--- START ---

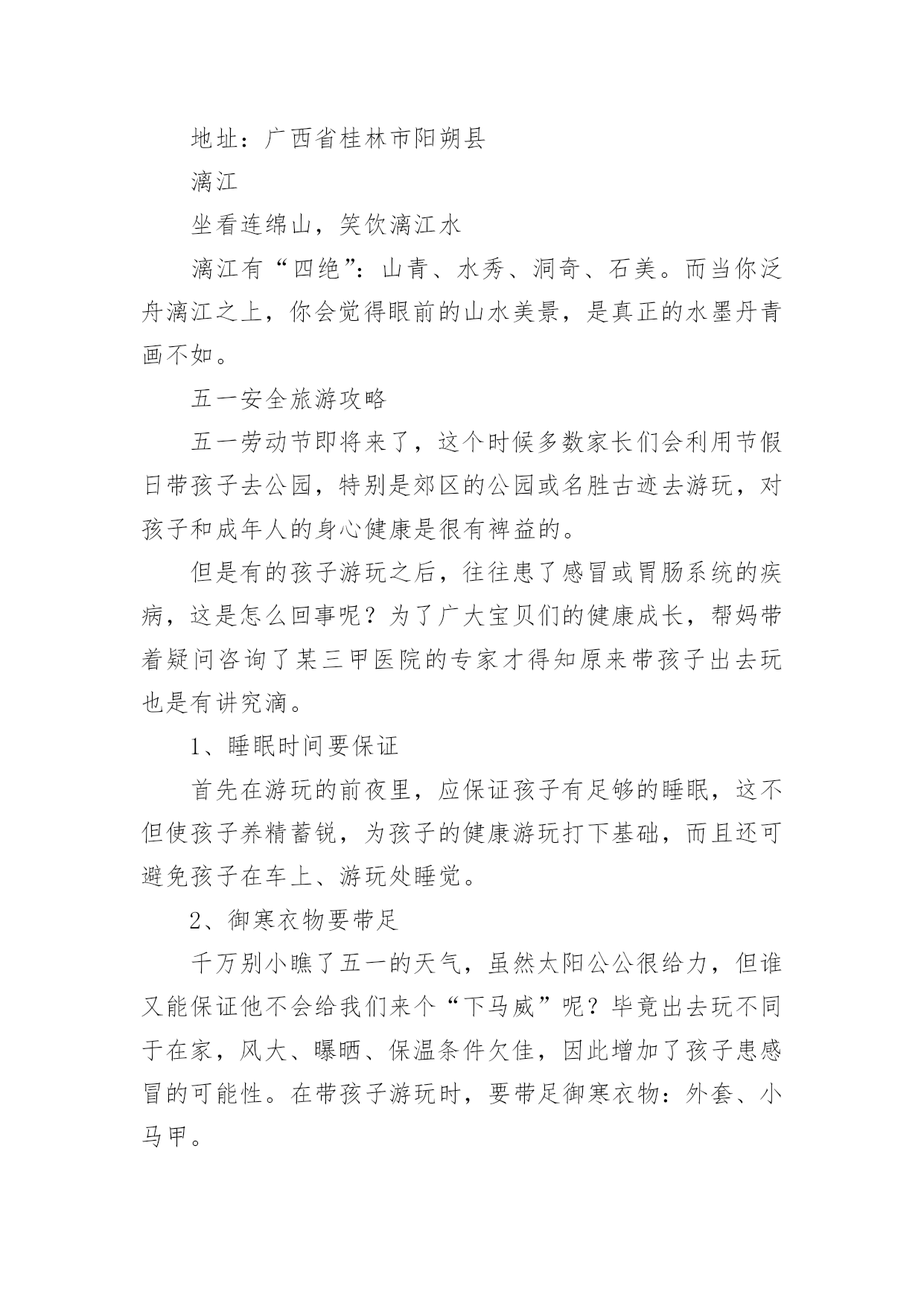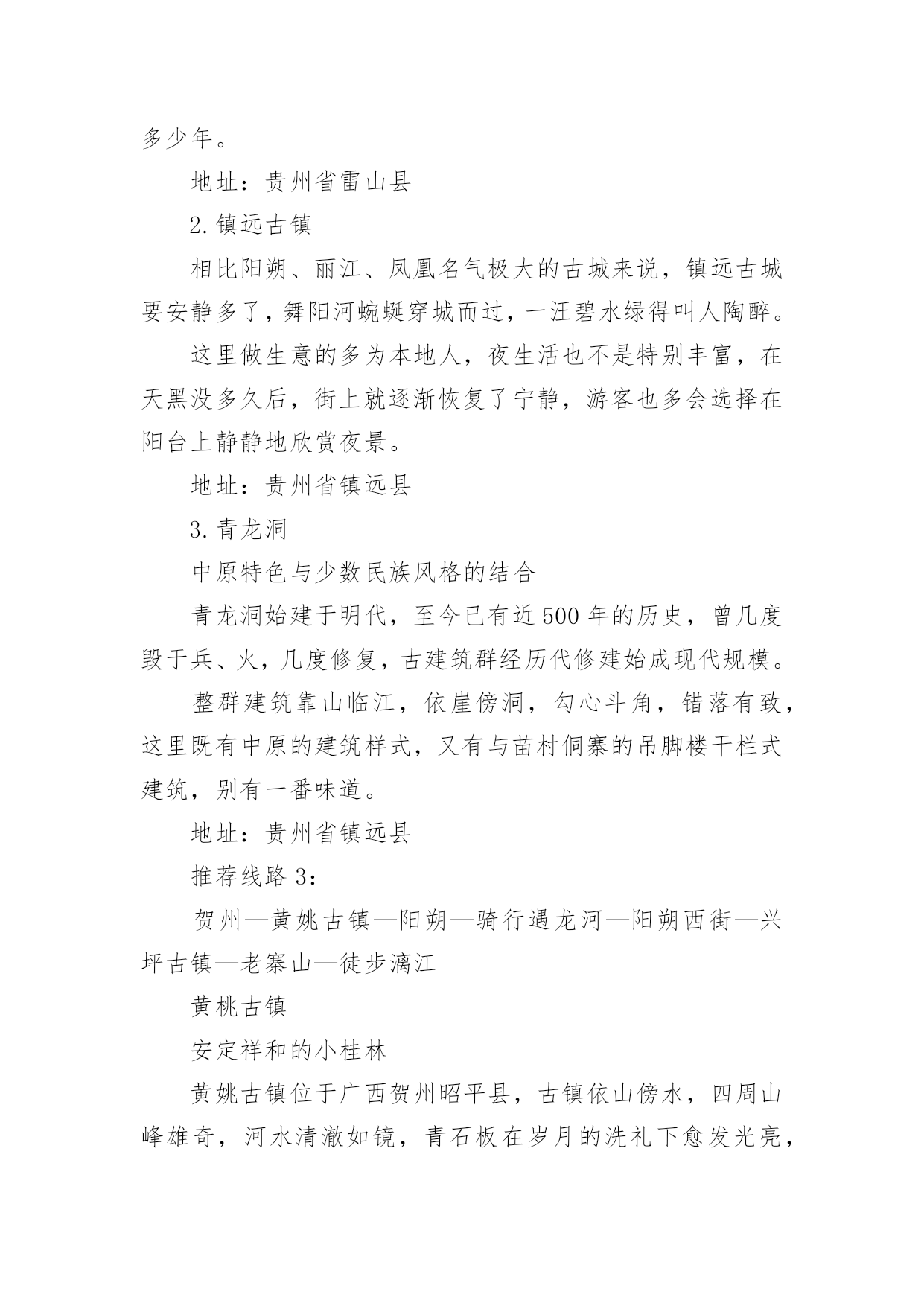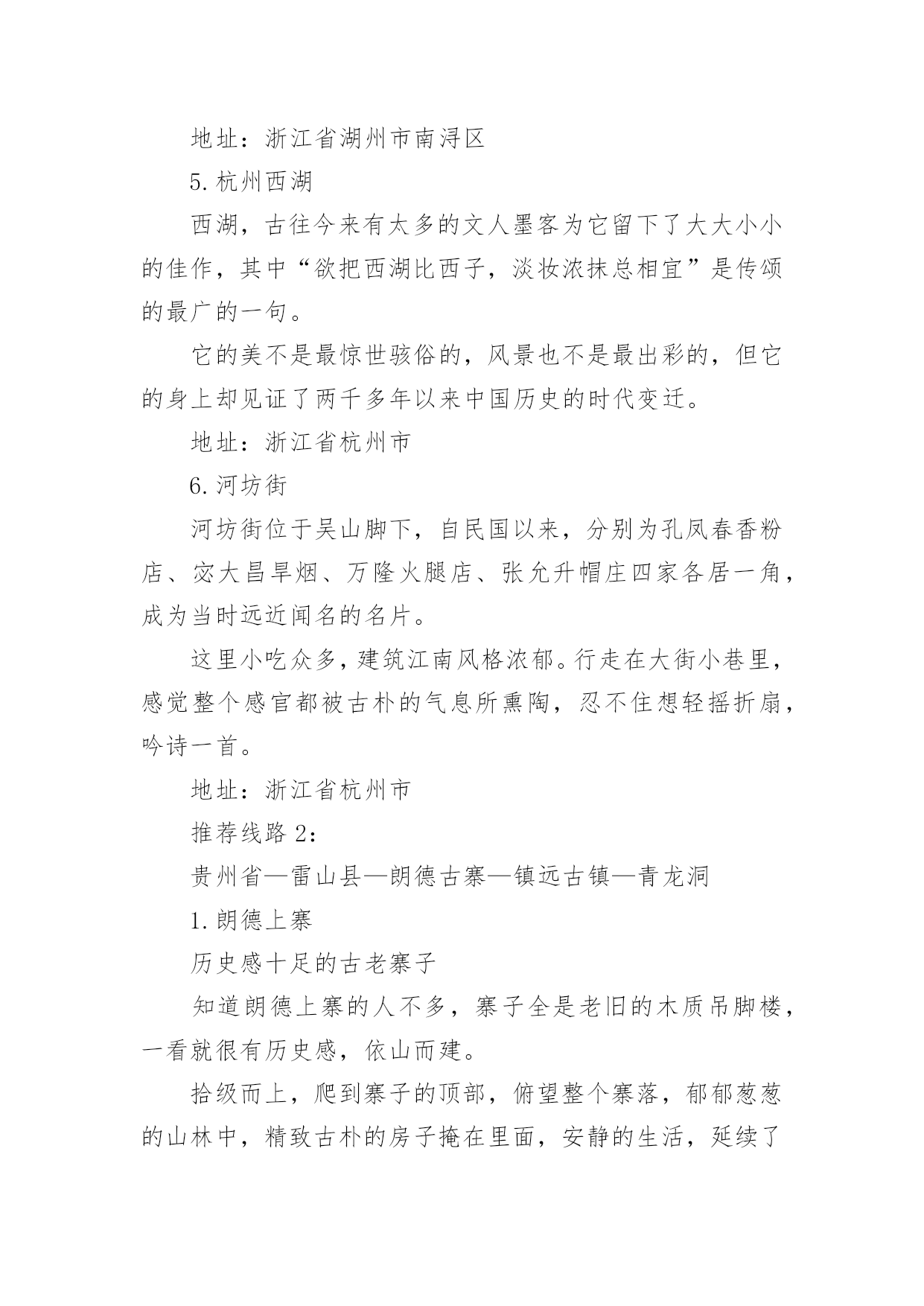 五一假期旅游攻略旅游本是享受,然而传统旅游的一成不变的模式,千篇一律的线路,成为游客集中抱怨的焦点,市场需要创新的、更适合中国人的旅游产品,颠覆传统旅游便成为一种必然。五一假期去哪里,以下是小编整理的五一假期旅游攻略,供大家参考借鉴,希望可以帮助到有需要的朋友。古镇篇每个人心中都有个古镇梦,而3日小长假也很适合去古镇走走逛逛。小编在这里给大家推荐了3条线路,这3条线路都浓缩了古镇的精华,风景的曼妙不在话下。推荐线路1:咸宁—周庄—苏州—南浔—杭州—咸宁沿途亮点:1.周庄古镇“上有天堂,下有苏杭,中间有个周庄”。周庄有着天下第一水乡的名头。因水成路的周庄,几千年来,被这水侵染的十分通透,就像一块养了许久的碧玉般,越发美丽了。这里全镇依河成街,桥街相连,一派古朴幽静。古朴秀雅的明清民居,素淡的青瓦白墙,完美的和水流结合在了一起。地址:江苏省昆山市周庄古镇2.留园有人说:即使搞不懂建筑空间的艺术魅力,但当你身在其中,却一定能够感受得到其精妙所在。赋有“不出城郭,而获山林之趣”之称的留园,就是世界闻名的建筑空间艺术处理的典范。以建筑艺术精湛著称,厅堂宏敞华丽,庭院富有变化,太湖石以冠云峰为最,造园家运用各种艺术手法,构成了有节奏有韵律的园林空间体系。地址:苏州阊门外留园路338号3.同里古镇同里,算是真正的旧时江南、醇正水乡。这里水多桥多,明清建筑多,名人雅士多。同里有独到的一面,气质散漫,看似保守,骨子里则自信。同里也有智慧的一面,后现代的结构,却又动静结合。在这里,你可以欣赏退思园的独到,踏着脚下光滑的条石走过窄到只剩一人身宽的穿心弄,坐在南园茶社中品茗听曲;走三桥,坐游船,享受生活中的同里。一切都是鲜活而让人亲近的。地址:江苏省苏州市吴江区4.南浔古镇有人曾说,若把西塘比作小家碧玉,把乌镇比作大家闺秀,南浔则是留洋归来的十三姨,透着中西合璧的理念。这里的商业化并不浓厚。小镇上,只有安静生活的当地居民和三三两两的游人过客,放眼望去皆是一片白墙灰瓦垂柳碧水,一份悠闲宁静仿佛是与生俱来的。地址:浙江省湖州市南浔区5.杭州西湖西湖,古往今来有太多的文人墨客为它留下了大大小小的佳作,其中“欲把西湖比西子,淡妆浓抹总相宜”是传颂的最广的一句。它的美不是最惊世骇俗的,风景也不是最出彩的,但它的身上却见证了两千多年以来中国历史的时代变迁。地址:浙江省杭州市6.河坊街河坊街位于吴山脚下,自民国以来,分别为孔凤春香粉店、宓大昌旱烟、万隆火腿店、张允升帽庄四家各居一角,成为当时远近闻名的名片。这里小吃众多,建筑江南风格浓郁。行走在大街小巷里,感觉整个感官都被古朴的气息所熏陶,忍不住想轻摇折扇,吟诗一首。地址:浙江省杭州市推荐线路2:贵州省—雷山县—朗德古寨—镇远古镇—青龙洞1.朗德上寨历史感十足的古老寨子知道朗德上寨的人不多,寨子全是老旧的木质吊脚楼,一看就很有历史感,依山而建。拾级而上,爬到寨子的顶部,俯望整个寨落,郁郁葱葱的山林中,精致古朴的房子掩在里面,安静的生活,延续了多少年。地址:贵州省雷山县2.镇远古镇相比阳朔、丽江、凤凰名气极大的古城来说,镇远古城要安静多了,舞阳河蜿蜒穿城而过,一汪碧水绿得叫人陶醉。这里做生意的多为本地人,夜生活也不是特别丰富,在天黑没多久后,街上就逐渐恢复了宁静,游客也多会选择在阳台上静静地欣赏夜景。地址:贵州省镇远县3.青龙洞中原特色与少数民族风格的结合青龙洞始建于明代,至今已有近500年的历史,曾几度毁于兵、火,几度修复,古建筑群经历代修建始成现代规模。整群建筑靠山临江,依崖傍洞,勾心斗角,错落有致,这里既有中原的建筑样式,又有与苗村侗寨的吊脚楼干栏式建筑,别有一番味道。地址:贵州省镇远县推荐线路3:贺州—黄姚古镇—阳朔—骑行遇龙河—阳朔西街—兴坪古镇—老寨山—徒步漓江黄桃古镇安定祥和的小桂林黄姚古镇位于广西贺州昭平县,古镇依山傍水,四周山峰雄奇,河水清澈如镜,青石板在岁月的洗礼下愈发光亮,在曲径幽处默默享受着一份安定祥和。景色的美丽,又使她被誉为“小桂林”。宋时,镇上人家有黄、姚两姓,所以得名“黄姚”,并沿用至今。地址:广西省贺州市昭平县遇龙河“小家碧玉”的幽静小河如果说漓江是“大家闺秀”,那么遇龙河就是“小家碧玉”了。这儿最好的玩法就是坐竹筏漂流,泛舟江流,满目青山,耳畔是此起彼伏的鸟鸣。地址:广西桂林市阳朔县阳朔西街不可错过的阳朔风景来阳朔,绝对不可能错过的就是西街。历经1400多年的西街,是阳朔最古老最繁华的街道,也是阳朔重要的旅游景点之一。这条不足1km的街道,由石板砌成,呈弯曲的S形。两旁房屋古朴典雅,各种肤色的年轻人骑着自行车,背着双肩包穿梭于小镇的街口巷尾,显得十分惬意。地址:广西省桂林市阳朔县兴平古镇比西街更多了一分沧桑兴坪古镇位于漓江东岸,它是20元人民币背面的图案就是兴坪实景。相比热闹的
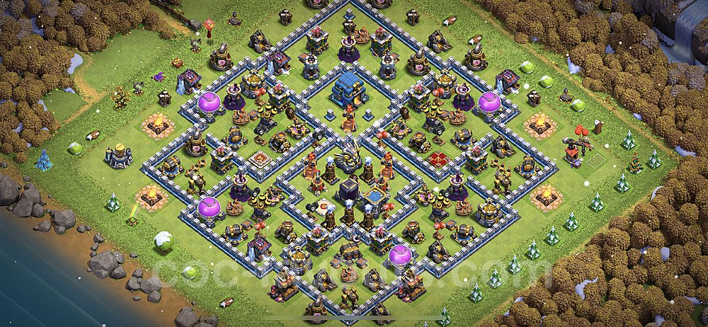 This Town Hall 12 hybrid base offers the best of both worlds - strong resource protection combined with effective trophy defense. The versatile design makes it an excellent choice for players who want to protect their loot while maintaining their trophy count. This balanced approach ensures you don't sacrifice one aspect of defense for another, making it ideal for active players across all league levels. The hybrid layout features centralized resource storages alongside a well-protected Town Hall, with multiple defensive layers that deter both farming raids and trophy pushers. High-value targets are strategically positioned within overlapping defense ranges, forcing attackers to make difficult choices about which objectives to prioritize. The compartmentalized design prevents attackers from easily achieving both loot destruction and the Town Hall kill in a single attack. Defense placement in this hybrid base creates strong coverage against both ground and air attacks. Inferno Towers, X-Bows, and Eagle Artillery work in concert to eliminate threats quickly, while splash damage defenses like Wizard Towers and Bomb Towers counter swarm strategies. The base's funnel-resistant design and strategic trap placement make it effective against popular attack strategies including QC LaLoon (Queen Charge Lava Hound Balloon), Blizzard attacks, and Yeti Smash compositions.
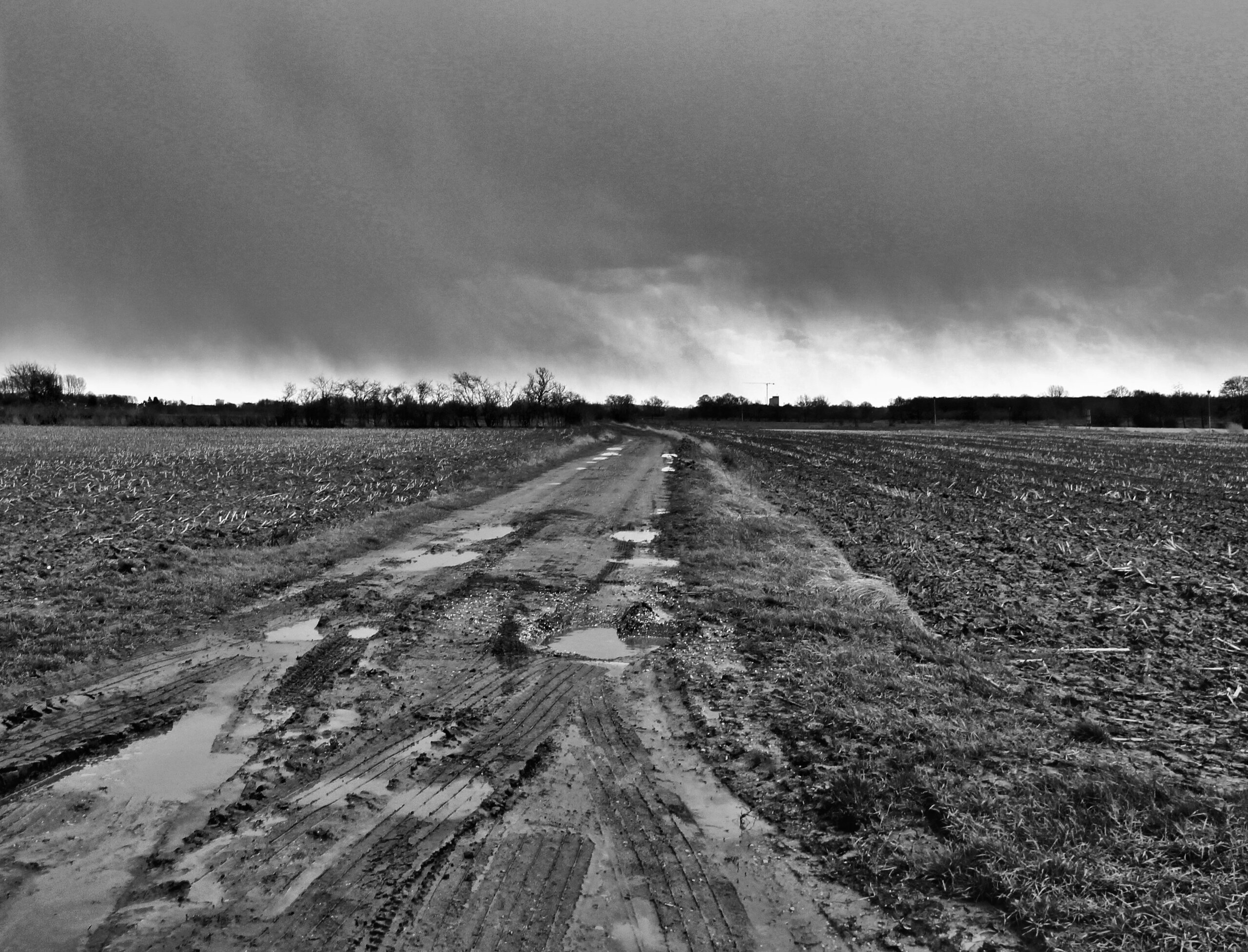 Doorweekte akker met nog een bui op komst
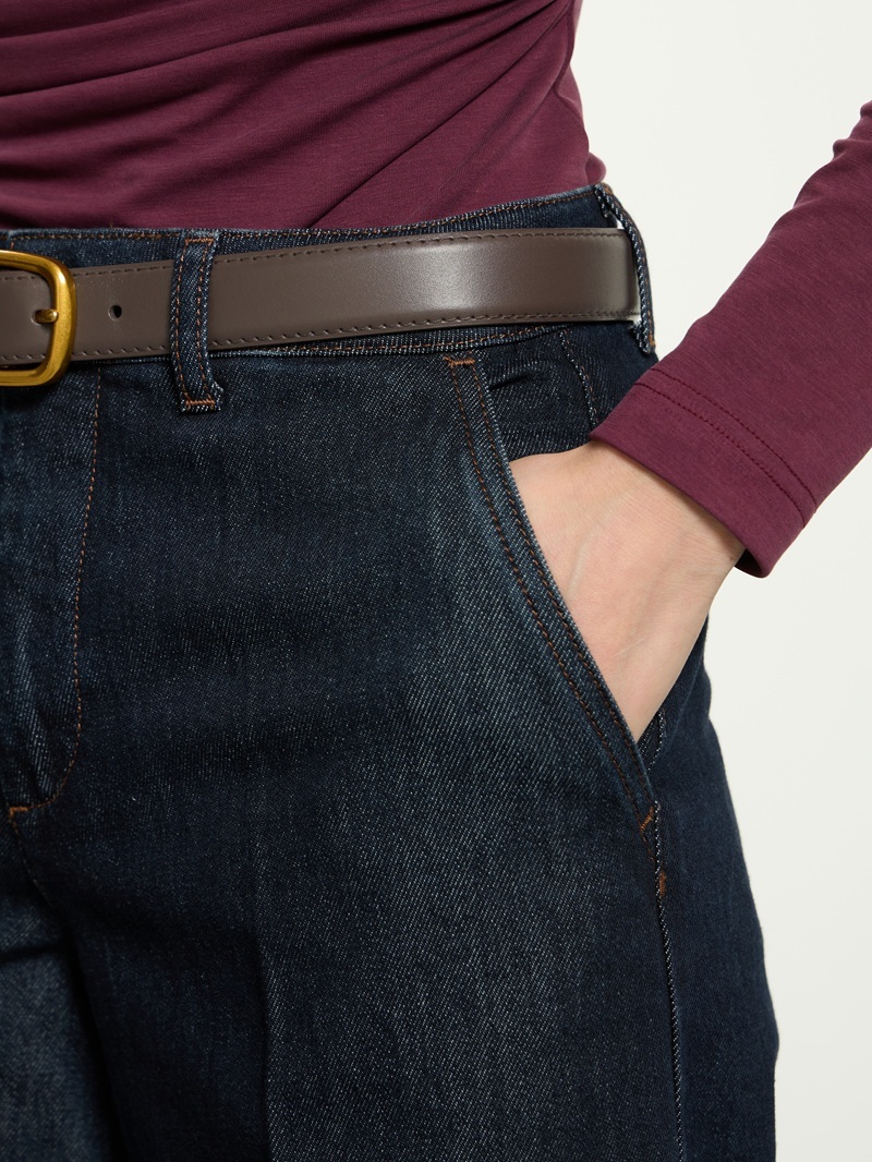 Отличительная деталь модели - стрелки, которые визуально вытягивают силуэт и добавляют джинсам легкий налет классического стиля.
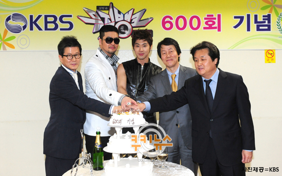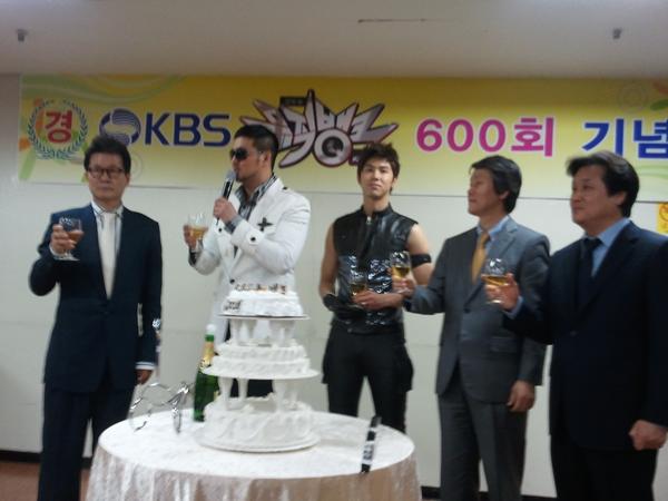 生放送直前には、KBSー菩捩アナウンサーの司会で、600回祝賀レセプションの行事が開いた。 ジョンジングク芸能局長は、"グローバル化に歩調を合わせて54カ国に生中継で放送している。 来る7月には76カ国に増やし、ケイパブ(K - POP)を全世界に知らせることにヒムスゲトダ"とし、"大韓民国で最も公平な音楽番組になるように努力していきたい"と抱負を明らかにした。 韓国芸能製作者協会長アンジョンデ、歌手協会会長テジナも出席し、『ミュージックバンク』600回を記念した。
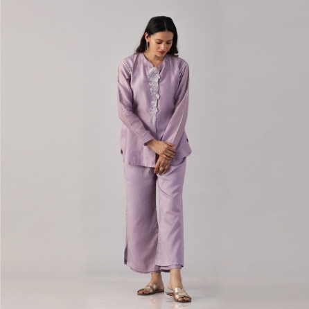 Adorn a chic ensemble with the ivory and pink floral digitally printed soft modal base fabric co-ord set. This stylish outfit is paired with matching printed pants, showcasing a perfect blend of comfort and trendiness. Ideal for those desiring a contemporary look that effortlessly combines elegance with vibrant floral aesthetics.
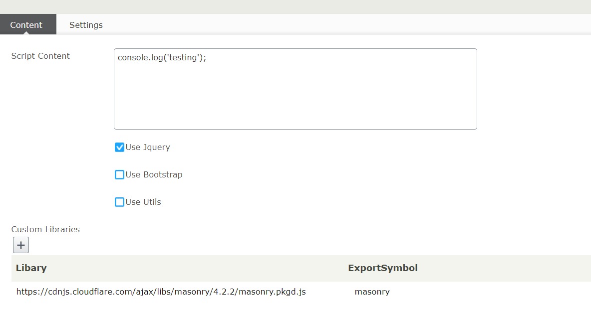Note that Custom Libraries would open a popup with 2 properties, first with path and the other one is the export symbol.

--- END ---

## DESCRIPTION OF THE TASK
Return only the stretch above from the line containing "Doorweekte akker met nog een bui op komst" through the line containing "Отличительная деталь модели", word for word and without pictures.

## THE ANSWER
 Doorweekte akker met nog een bui op komst
 Отличительная деталь модели - стрелки, которые визуально вытягивают силуэт и добавляют джинсам легкий налет классического стиля.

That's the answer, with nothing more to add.